Socially responsible investing (SRI), on the other hand, is a broader category, says Robert Gorman, a vice-president at TD Waterhouse Group Inc. in Toronto. It offers a much broader range of investment choices, many of which have a proven track record of success. SRI takes into account more than environmental criteria; for example, it also looks at how companies treat their employees and their communities.

“If you go to websites like the Social Investment Organization ( you will find nine different fund companies that have socially responsible funds. Some of those reflect environmental issues,” Mr. Gorman says.

He points out that investors can make direct investments into a variety of green-related index funds, which are based on the performance of a basket of companies all in the same sector. Among them are PowerShares Wilderhill Clean Energy Portfolio (PWB/AMEX), Claymore Social Energy Index (TAN/NYSE), Market Vectors Solar Energy Fund (KWT/NYSE) and PowerShares Water Resources Portfolio (PHO/AMEX).

Investing in indices spreads the risk posed by a single corporate investment.

People with large portfolios will find green investing easier than those with more modest ones, says Penny Knuff, a portfolio manager with Fiduciary Trust Co. International in San Mateo, Calif. The reason is that they usually have a portfolio manager to do the research for them.

“People with portfolios larger than $2-million can come to us and define what they want in their portfolio, what they are passionate about. It is then up to people like me to do the research and recommend a basket of investments that meets their social responsibility demands while still making sense from an investment point of view,” Ms. Knuff says.

Social investing is essentially very personal, she adds. Ms. Knuff cited one client who is keen on environmental and aboriginal issues, but is also a heavy smoker. “So in her portfolio we have investments in corporations that reflect her social responsibility concerns – but we also have shares in tobacco companies,” she says.

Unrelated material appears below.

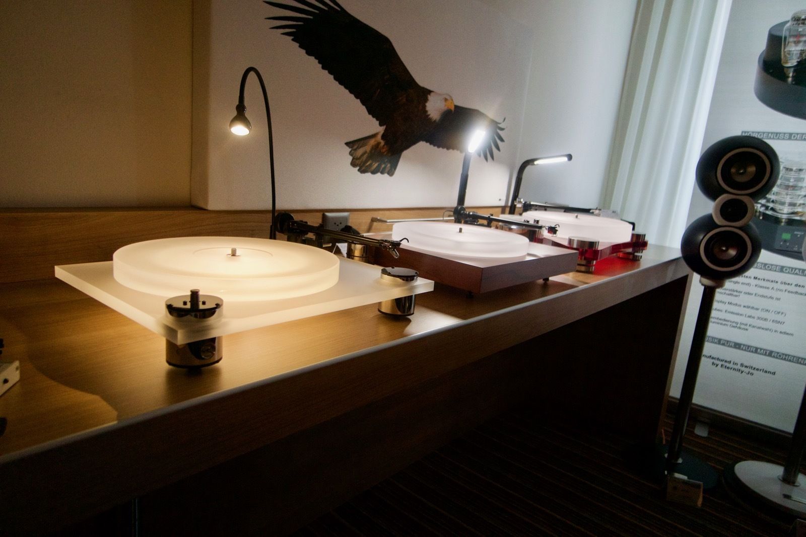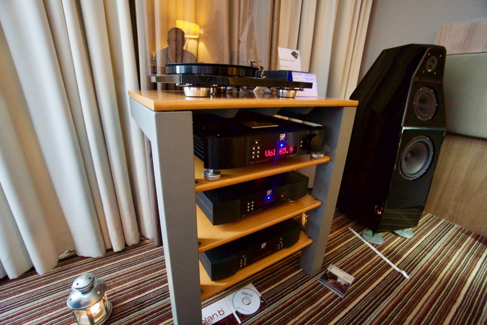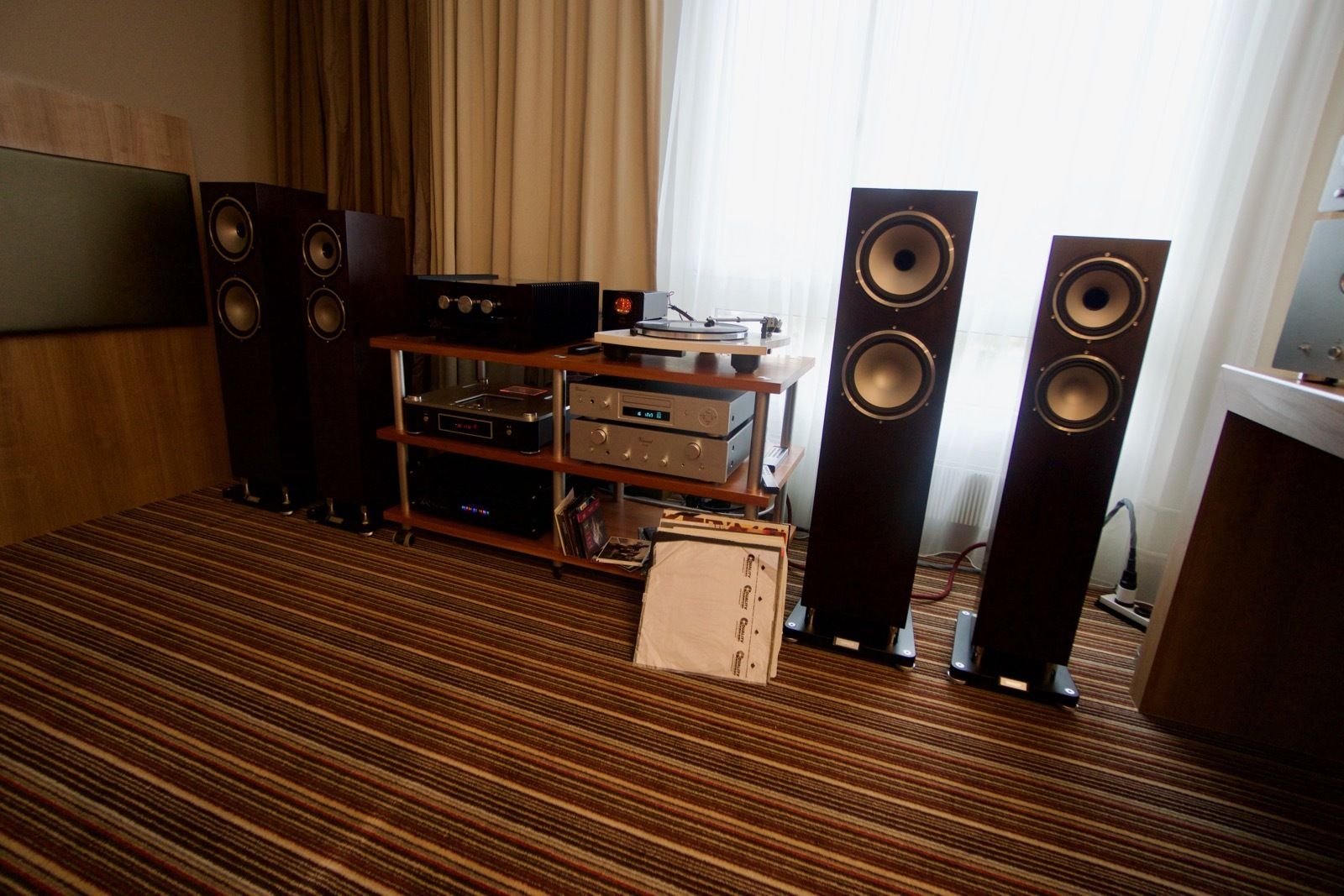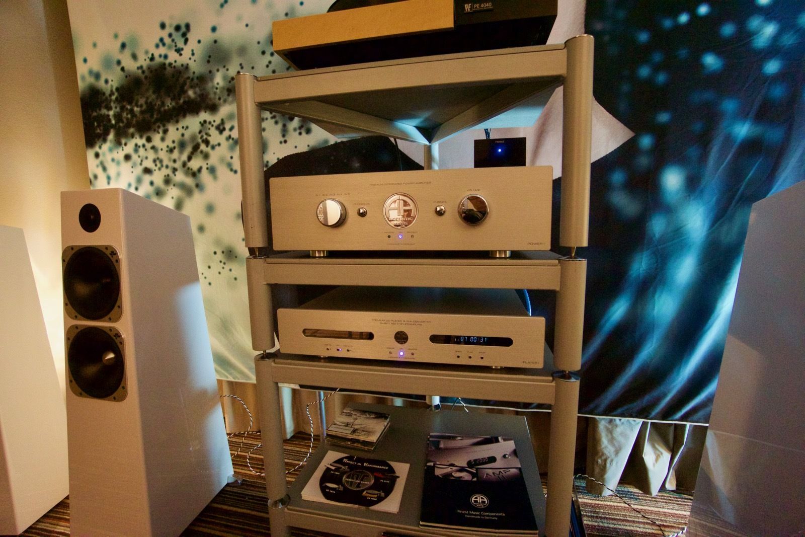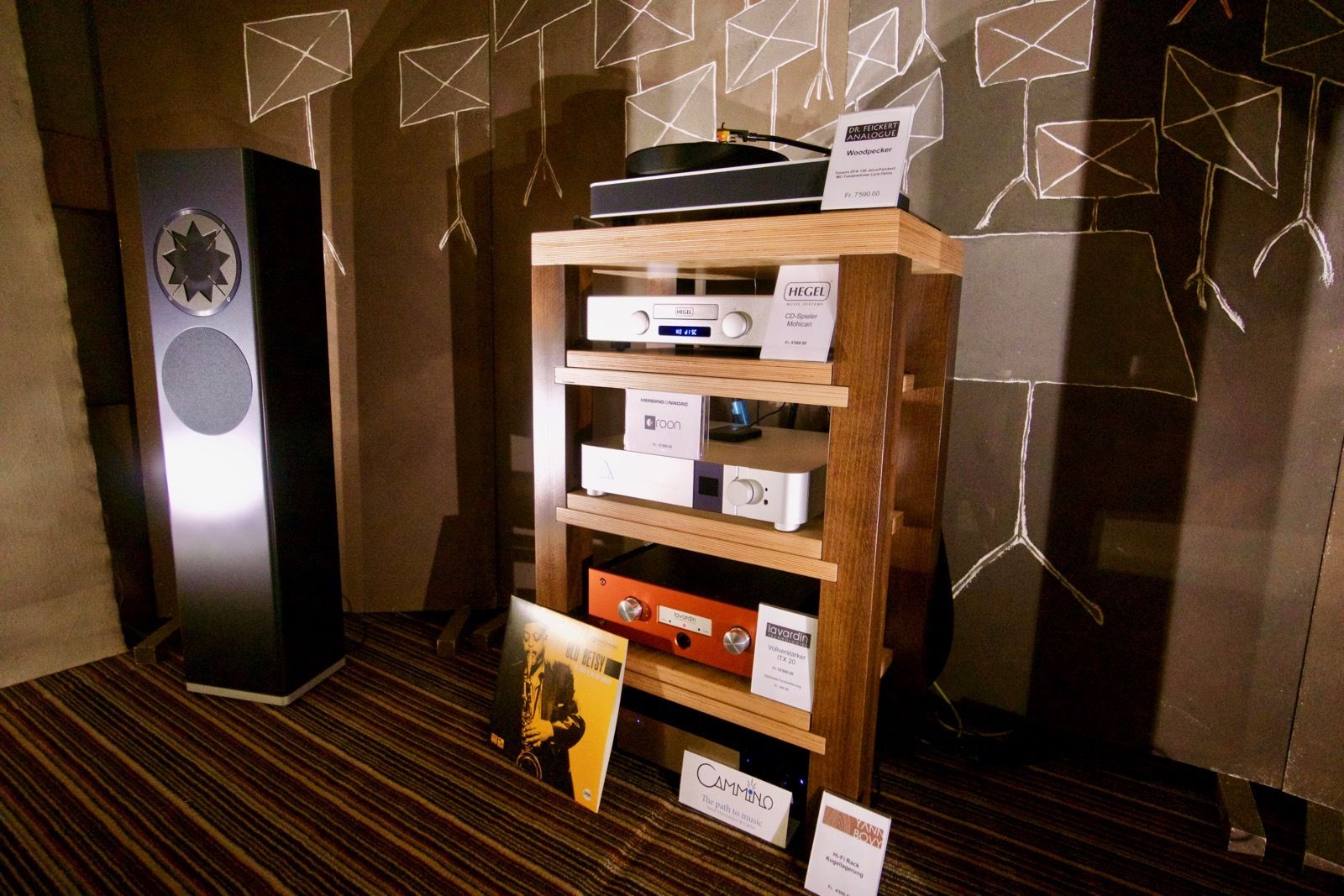 Zum Zeitpunkt meines Besuchs spielte Pink Floyd ab Vinyl. Als Plattenspieler kam ein Dr. Feickert zum Einsatz: Die noch recht junge Marke hat sich in den letzten Jahren einen guten Namen in der High End Branche erarbeitet. Der mir bis dato unbekannte Verstärker von Lavardin spielte an den Manger P1. Ein abschliessendes Urteil konnte ich hierbei nicht fällen, wobei die Manger Lautsprecher in der Regel überzeugend sind.

For those keen on green investing, the experts offer the following tips:

  • Start by defining your goals from both a socially responsible and an investing point of view. “The goal is to make money, not just feel good,” says Mr. Grammer.

  • Research, research, research. That means not only identifying green companies but also understanding their technology, their financial performance and their chances for future success. “This can often be the greatest challenge,” says Ms. Knuff. “There is tons of material on the Internet but the trick is separating the hype from the substance.”

  • Given the lack of product, you may want to limit green investments to a certain percentage of your portfolio. The rest can be devoted to other socially responsible investments with a proven track record. “There are now mutual funds, which may devote perhaps 15 per cent of their portfolio to green investments and spread the remainder over a variety of socially responsible ventures,” Mr. Gorman notes.

  • Diversify your green holdings just as you would others to limit risk. If you support renewable energy, for example, spread your money among all forms, not only wind power or solar power.

  • Be wary of stock issues with valuations that seem high based on actual financial performance. “Many are based on unproven, evolving technologies,” Mr. Gorman says.